Closed YuffieHuang closed 2 years ago

YuffieHuang commented 2 years ago

Hi, I'm training a CPC model with a customized dataset (rather than BookCorpus) and multiple GPUs. I tried the default learning rate of 2e-4 in main.py at first. However, the training loss (around 15.5) and training accuracy (approximately 0.03) have tiny improvement after 800 epochs (each epoch has 267,264 steps). The validation loss is about 15.8, and the validation accuracy is about 0.025.

I tried to increase the learning rate for the Adam optimizer in main.py to 3e-4, 4e-4, 5e-4, and 1e-3. Everything else remains the same. The strange thing happens that the training loss drops to 0.9, and the training accuracy rises to 2.6 after only 80 epochs. I'm confused why the accuracy could go beyond 1? The validation loss goes up to 66, and the validation accuracy is only about 0.03. There is overfitting for sure.

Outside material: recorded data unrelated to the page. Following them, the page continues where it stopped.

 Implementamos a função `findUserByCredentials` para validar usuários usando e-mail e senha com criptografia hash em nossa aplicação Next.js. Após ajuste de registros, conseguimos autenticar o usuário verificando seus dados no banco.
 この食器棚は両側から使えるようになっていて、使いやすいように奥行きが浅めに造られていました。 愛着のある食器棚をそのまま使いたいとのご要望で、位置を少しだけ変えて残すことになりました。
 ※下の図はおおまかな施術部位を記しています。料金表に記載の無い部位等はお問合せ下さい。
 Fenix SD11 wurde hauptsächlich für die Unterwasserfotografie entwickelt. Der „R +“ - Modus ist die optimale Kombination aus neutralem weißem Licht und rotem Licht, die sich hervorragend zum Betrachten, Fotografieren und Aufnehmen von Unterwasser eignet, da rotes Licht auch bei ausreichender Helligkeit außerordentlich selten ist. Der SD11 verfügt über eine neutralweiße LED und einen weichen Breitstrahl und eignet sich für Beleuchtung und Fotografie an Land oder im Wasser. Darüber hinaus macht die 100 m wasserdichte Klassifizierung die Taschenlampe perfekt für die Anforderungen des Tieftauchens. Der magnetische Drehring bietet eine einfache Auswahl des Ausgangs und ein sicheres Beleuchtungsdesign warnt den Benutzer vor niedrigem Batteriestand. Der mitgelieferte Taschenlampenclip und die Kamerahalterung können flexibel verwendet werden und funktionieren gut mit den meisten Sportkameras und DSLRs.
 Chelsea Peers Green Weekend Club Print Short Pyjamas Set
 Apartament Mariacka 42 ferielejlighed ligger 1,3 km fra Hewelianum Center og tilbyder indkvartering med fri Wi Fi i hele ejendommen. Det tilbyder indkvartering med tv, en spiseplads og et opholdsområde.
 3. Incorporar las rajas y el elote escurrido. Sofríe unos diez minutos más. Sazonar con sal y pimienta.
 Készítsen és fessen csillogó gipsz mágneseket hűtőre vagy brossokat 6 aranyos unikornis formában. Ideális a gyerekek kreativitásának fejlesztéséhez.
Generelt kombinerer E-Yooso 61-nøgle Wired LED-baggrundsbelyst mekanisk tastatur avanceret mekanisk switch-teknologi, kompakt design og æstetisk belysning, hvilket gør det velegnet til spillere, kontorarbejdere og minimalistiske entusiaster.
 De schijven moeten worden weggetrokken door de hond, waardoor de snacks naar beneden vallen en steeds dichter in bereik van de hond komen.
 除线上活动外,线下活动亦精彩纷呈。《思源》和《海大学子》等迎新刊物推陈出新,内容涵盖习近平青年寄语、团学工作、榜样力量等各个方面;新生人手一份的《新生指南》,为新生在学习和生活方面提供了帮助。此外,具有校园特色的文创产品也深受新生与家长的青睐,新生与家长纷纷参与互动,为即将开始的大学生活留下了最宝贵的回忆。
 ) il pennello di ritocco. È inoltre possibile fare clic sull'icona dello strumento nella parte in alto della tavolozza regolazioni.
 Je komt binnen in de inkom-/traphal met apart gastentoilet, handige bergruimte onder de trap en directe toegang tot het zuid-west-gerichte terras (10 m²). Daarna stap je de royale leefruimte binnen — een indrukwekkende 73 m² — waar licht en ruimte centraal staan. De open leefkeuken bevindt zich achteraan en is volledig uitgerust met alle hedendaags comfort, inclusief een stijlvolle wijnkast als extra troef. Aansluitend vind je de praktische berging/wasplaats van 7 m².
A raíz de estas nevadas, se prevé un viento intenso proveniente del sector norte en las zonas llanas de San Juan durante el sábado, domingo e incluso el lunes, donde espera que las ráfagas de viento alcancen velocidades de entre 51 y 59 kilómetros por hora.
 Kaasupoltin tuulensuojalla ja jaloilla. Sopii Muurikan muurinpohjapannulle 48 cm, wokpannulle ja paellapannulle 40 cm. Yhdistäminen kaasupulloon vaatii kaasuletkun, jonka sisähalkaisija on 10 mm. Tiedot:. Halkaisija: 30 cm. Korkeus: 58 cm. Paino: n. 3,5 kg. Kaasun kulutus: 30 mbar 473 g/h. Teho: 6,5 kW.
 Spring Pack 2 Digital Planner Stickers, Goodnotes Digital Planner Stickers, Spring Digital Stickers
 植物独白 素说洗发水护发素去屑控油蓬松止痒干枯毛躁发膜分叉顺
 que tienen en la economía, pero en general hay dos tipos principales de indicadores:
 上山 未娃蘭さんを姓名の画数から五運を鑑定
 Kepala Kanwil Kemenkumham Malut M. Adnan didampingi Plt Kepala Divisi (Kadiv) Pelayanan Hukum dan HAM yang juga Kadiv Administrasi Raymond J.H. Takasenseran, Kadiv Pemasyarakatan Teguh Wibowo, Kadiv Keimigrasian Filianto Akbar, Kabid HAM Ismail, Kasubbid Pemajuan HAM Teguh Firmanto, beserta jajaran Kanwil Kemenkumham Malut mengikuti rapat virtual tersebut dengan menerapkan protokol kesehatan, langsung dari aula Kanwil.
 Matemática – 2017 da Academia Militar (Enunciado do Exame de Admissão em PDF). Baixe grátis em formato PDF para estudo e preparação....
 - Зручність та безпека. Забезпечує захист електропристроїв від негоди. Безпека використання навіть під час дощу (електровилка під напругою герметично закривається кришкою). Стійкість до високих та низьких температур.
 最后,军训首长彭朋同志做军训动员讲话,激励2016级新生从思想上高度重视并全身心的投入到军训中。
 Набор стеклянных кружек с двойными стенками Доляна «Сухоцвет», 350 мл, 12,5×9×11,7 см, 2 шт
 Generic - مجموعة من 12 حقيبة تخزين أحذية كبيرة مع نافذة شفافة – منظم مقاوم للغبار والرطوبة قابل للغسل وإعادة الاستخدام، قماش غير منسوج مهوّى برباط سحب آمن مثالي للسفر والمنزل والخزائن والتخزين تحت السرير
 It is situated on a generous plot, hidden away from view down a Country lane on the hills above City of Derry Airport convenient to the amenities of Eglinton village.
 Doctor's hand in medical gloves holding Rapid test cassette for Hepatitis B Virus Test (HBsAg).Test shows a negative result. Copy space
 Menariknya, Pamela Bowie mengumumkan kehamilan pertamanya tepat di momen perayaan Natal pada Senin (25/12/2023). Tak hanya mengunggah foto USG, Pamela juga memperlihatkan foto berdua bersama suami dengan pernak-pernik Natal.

Do you have any idea why the accuracy can be larger than 1? I'm also checking the validation function in utils.validation.py. Please let me know if you have any ideas. Thank you so much!

YuffieHuang commented 2 years ago

@vgaraujov Hi. Thank you for sharing the code with us. I think I have found where the problem is.

In utils/train.py, lines 45 and 46, the loss and accuracy are calculated by dividing the sum of total loss and accuracy by the length of the data loader. However, in lines 28 and 29, the total loss and accuracy are added three times since Acc and loss both have the shape of (3, 1).

I guess we need to further divide the final accuracy and loss by three? I have no good explanation for this. However, I count the total number that the total loss and accuracy are added, the number is exactly three times the length of the data loader.

vgaraujov commented 2 years ago

Hi @YuffieHuang, sorry for the delayed replay. I just checked the code. You are right; final_acc and final_loss should be divided by 3 or timestep variable. I think I did do that because of the Deepmind's loss graph shows the sum of the individual losses.

Thank you for your comment. Let me know if you find other errors.

YuffieHuang commented 2 years ago

@vgaraujov Thanks for the clarification! Just a friendly reminder, final_acc and final_loss need to be modified in both utils/train.py and utils/validation.py.